┏━━
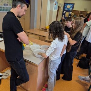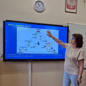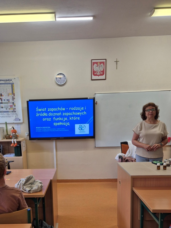 Kolejnym przystankiem w naszej naukowej podróży był „Świat zapachów”, którego tajniki zdradzała naszym uczniom pani dr hab. inż. Renata Siedlecka, prof. PWr. Podczas tych zajęć uczniowie klas 7b i 8d odkrywali, jak bogaty jest świat aromatów, które codziennie nas otaczają.
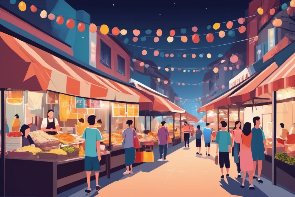 矢量购物逛街集市场景插画图片
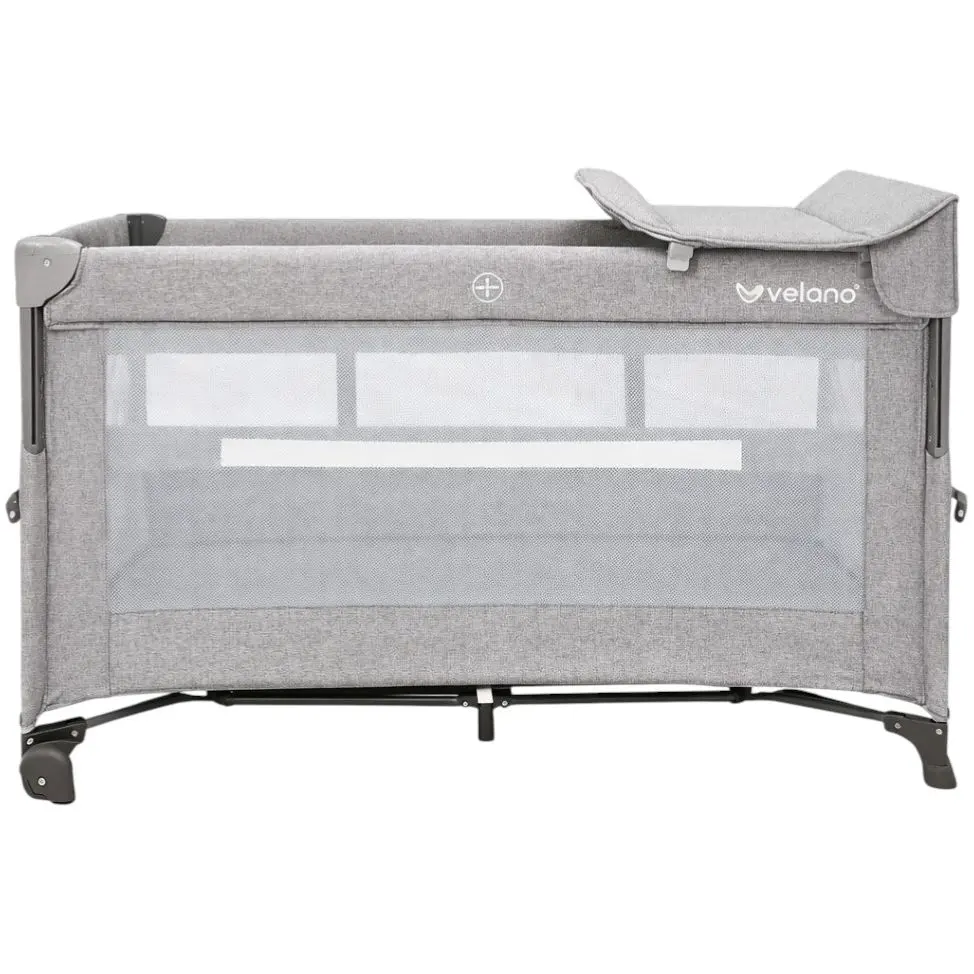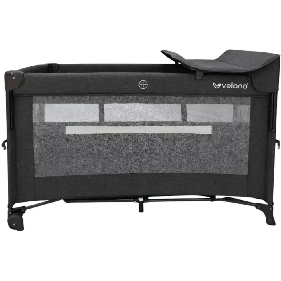 Ліжко-манеж дитяче з другим ярусом та пеленатором VELANO Tino, dark grey
┗━━
# Your goal:
Transcribe the data exactly and leave no picture in the copy.

# Result for this task:
 Kolejnym przystankiem w naszej naukowej podróży był „Świat zapachów”, którego tajniki zdradzała naszym uczniom pani dr hab. inż. Renata Siedlecka, prof. PWr. Podczas tych zajęć uczniowie klas 7b i 8d odkrywali, jak bogaty jest świat aromatów, które codziennie nas otaczają.
 矢量购物逛街集市场景插画图片
 Ліжко-манеж дитяче з другим ярусом та пеленатором VELANO Tino, dark grey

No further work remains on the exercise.